Figure 1. Laptop and CO₂ Sensor During Flight

Figure 2. CO₂ Sensor During Flight

Figure 3. All Components Assembled Before Flight
CO₂ Measurements:
CO₂ levels were captured every 10 minutes on the SD card. Measurements were taken starting at sitting at the gate ahead of on-boarding, until after landing, a total of about 13-14 hours. Time recording was normalized where Time = 00:00 is Takeoff time.
Flights:
The flights on which the measurements were taken were:

• United Airlines flight UA90 from Newark NJ to Tel Aviv Israel, December 11^th 2020, takeoff 8:25pm NJ time
  • Aircraft: Boeing 787 Dreamliner
  • Net flight duration: approx. 10:10 hours
  • Measurements were taken around row 35 (mid-plane)
  • Estimated actual passengers on aircraft as a % of maximum passenger capacity =~ 20%
• United Airlines flight UA91 from Tel Aviv Israel to Newark NJ, January 1^st 2021, takeoff 11:50pm Israel time
  • Aircraft: Boeing 787 Dreamliner
  • Net flight duration: approx. 11:55 hours
  • Measurements were taken around row 35 (mid-plane)
  • Estimated actual passengers on aircraft as a % of maximum passenger capacity =~ 20%

ANALYSIS OF MEASUREMENTS

Overall Flight:

Below are the graphs pertaining to the CO₂ levels throughout the flights. As figures 4 and 5 show, one area where the CO₂ levels were atypically high was during a 30-minute span before, during, and after takeoff, reaching approx. 1070 ppm. Another period where the CO₂ levels were high was during a 20-minute span before and during landing, at about 950 ppm. The above reflect minimal ventilation on the plane during these stages of takeoff and landing.

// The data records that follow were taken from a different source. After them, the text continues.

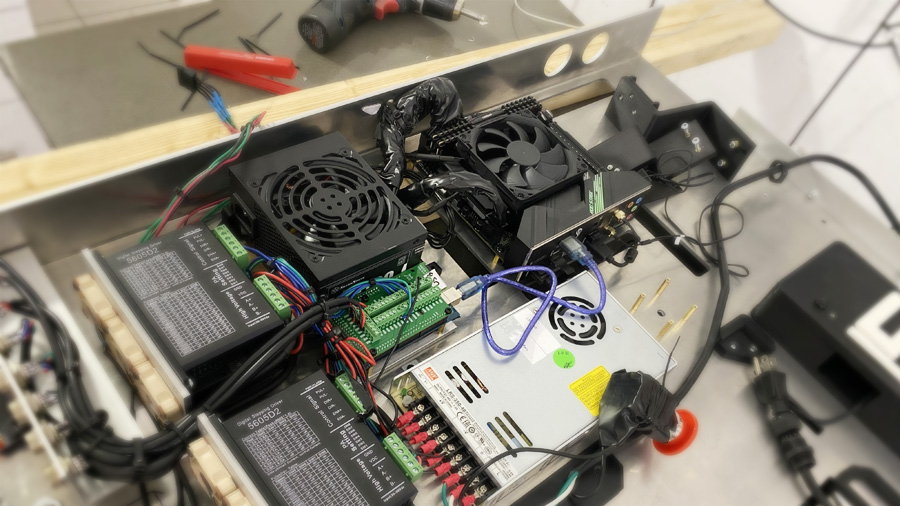 This CNC milling 3 - 4 axis has been a year-long project. Built it ground up, with fusion 360 for design and mechanics. Added an electronic jacking system along with onboard controls. motors and sensors controlled with Arduino.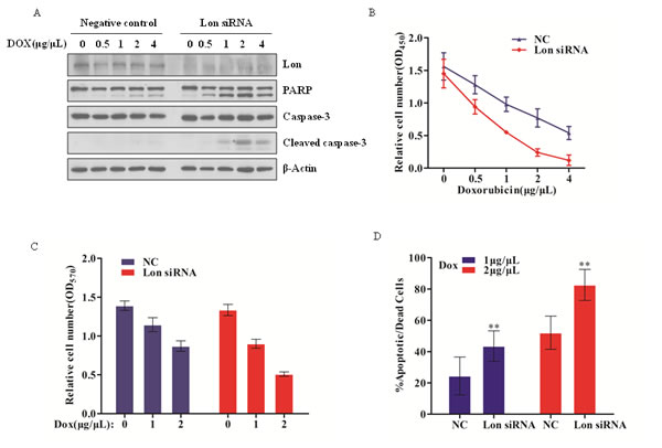 UM-UC-3 cells were transfected with Lon and negative control siRNA, and resuspended in DMEM medium 24 h post transfection. Cells were then seeded into 6-well plate at a density of 4×105 cells/well and incubated at 37 ºC, 5% CO2 for 24 h. Next, cells were treated with a concentration gradient of doxorubicin (0, 0.5, 1, 2, 4μg/μL).Then cells were collected and subjected to western blotting with indicated antibodies
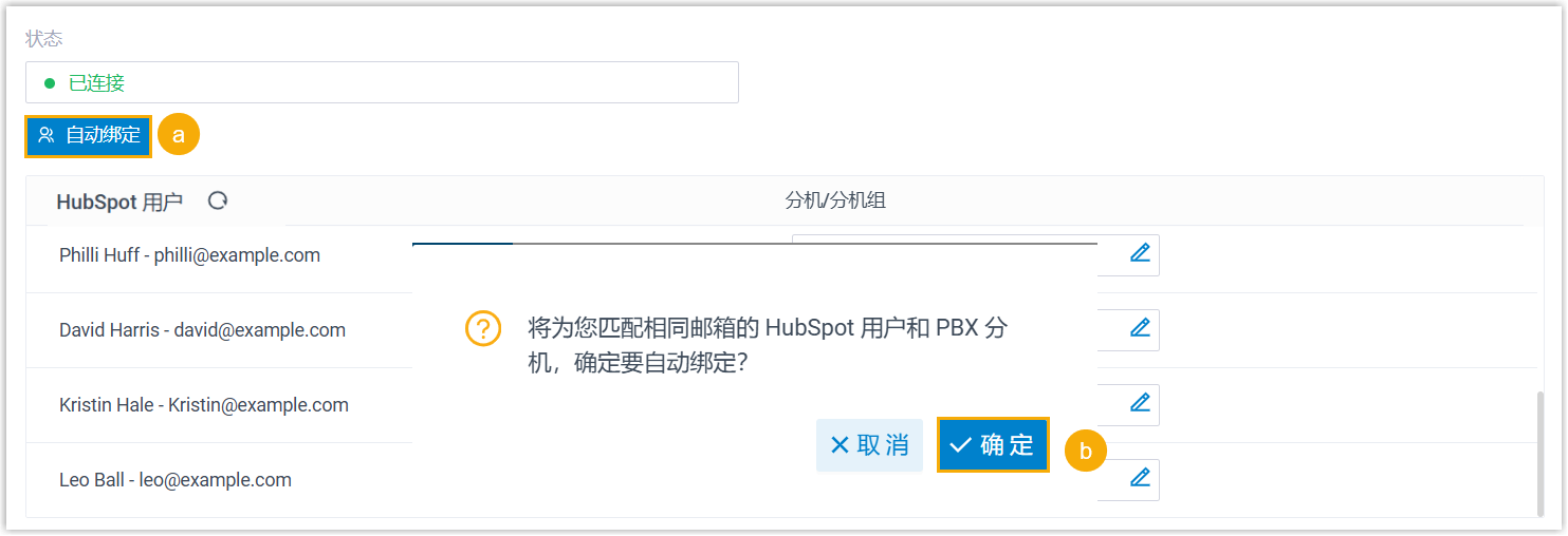 - 如果用户的 HubSpot 账号和 PBX 分机绑定了相同的电子邮箱地址,你可以设置自动绑定用户的 HubSpot 账号和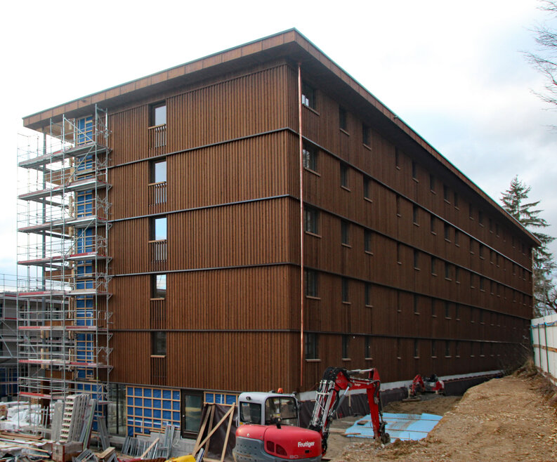 Auf dem alten Cheddite-Areal ist die Wohnüberbauung Weidmatt fertig aufgerichtet. Die Fassadenschalung mit den gut erkennbaren Brandschutzschürzen ist an zwei Gebäuden so gut wie fertig montiert. Von der Durchfahrtsstrasse her wo das Gerüst entfernt wurde, kann die fertige Fassade schon beäugt werden. Auch im Innenausbau schreiten die Arbeiten schnell voran. So sind die Wohnungen in zwei Gebäuden bereits fertiggestellt und in einem Gebäude sogar bald bezugsbereit.

Figure 4. CO₂ Levels throughout Flight – Flight 1, December 11, 2020

Figure 5. CO₂ Levels throughout Flight – Flight 2, January 1, 2021

Takeoff:

Below are the graphs relating to the takeoff of both flights. Generally, it can be said that the two flights exhibit a similar pattern. In the graph for Flight 1, there were regular levels of CO₂ at around 500-600 ppm between the normalized times of -2.0 and -0.5 hours. This is logical as measurements were taken in the terminal of Newark Liberty International Airport which is a spacious, well-ventilated space, and the airport was much less crowded relative to pre-COVID-19 periods. Nevertheless, after boarding the plane, there is a dramatic increase in CO₂ levels from 30 minutes to 10 minutes before takeoff, to about 970 ppm. The CO₂ levels then continue to increase through takeoff and reach the highest point at 15 minutes after takeoff as the plane is still gaining height. At that stage, CO₂ levels went as high as approximately 1040 ppm. About 20 minutes after takeoff, CO₂ levels dropped slightly below 1000 ppm, and then continued to decline. As of about 30 minutes after takeoff, CO₂ levels begin to stabilize at normal levels of 700-750 ppm.
In the graph for Flight 2, there were low levels of CO₂ between the normalized times of -2.0 and -0.5 hours, at about 500 ppm. As previously stated, this data is expected given that measurements were taken in the terminal of Ben Gurion Airport which is a large area with good ventilation. Once plane boarding starts, approximately 45 min prior to takeoff, an intense increase in CO₂ levels can be observed at about 20 minutes before takeoff, at about 960 ppm. As time progresses, levels of CO₂ continue to increase through takeoff and peak at about 20 minutes after takeoff, where CO₂ levels reach as high as 1070 ppm. The CO₂ levels then start to decrease, reaching levels of about 650-700 ppm from 30 minutes after takeoff and through the main flight time in which the plane remains at high altitude.
Summarizing the above observations from both Flights 1 & 2 and considering the similarity of the CO₂ patterns between the two flights, we can conclude as follows. First, CO₂ levels were around 500-600 ppm during the pre-boarding wait time in the airport terminals. As previously mentioned, terminals have relatively low CO₂ levels as they are massive, open areas with advanced ventilation. Second, as passengers board the plane and wait in their seats ahead of takeoff, CO₂ levels increase considerably about 10-20 minutes before takeoff, reaching levels just below 1000 ppm. This increase is expected given that there is no cabin pressurization while on the ground, and plane engines are minimally engaged contributing to low ventilation. Third, the levels of CO₂ continue to rise till about 10-20 minutes after takeoff to levels around 1040-1070 ppm. Typically, air pressure is kept at the levels of around 7000 feet inside the cabin, therefore it is only after the plane ascends beyond 7000 feet that ventilation becomes much more significant to enable pressurized air in the cabin.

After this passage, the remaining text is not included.